**Your instructions:**
Copy out exactly the stretch below, from the line with "昨日上午,专家组驱车来到青秀" through the line with "需要动用手推车才能装走的西葫", both included; the pictures stay out.

**Data extract:**
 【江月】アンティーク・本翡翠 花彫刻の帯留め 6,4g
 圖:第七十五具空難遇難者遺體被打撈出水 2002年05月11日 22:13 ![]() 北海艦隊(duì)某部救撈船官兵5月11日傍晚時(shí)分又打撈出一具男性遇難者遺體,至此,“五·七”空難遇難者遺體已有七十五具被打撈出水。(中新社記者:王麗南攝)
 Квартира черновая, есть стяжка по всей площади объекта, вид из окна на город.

---

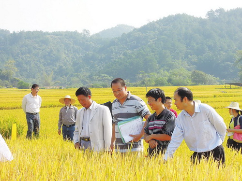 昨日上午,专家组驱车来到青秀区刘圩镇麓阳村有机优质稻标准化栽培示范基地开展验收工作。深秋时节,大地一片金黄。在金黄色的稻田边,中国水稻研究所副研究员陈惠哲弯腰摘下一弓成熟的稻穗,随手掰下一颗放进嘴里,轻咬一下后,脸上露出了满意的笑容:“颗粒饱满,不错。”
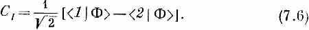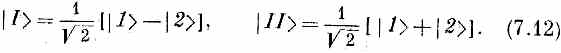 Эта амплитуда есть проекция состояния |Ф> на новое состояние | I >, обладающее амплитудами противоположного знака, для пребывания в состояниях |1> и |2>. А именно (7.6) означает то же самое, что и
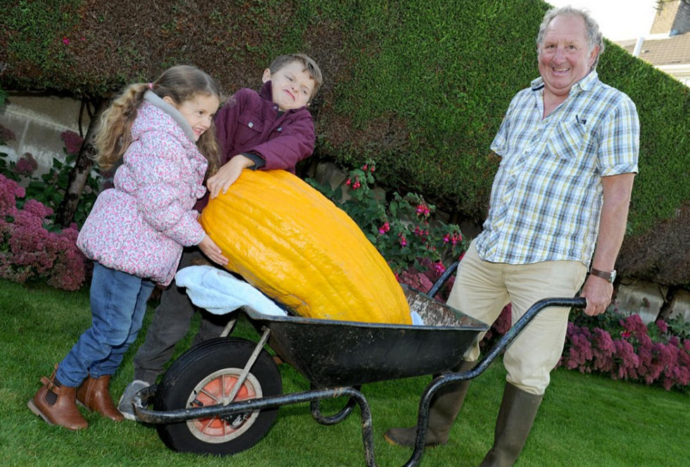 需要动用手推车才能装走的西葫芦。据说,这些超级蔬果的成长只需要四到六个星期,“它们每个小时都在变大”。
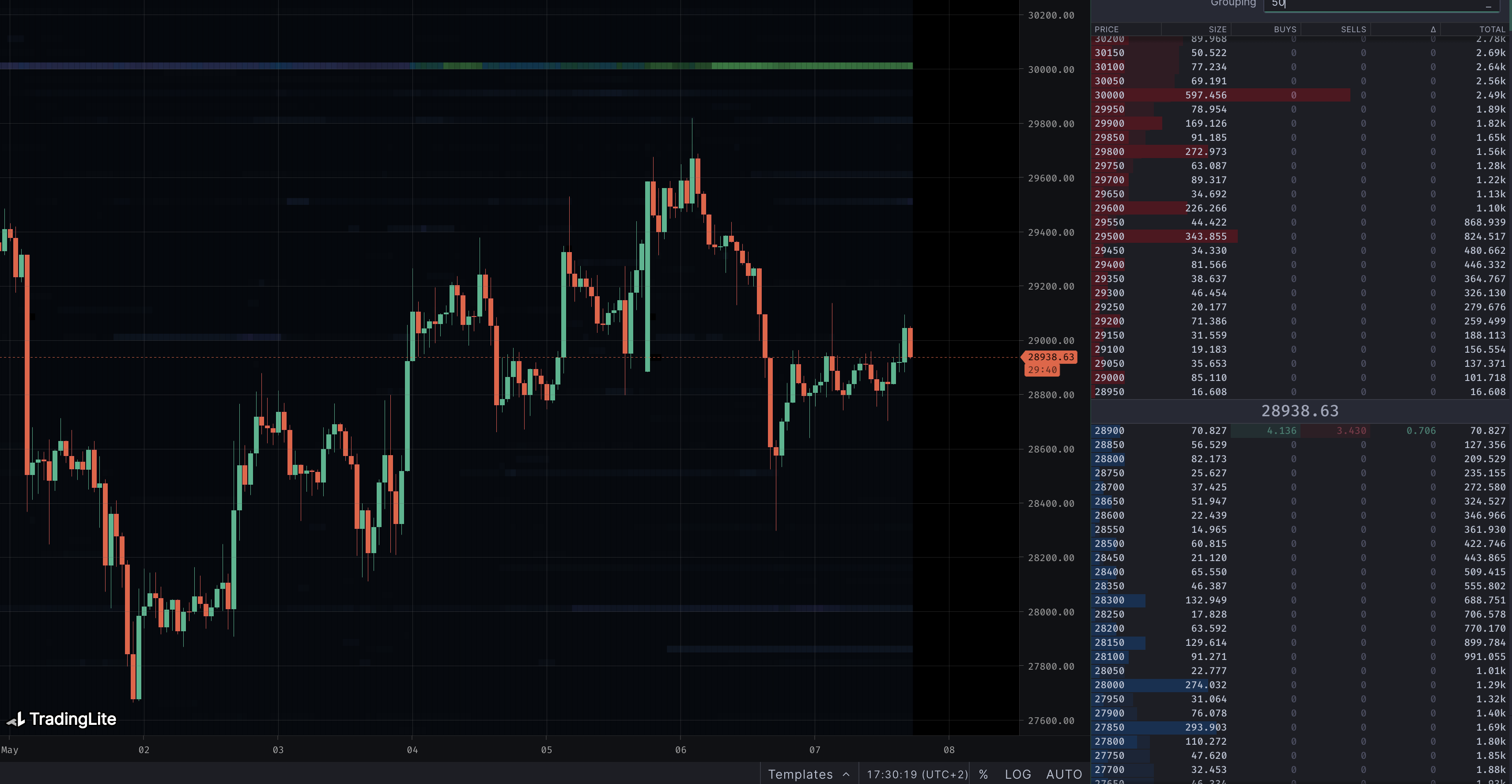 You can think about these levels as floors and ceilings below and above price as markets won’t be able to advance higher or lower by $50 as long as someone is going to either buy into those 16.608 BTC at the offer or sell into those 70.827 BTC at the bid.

**Task answer:**
 昨日上午,专家组驱车来到青秀区刘圩镇麓阳村有机优质稻标准化栽培示范基地开展验收工作。深秋时节,大地一片金黄。在金黄色的稻田边,中国水稻研究所副研究员陈惠哲弯腰摘下一弓成熟的稻穗,随手掰下一颗放进嘴里,轻咬一下后,脸上露出了满意的笑容:“颗粒饱满,不错。”
 Эта амплитуда есть проекция состояния |Ф> на новое состояние | I >, обладающее амплитудами противоположного знака, для пребывания в состояниях |1> и |2>. А именно (7.6) означает то же самое, что и
 需要动用手推车才能装走的西葫芦。据说,这些超级蔬果的成长只需要四到六个星期,“它们每个小时都在变大”。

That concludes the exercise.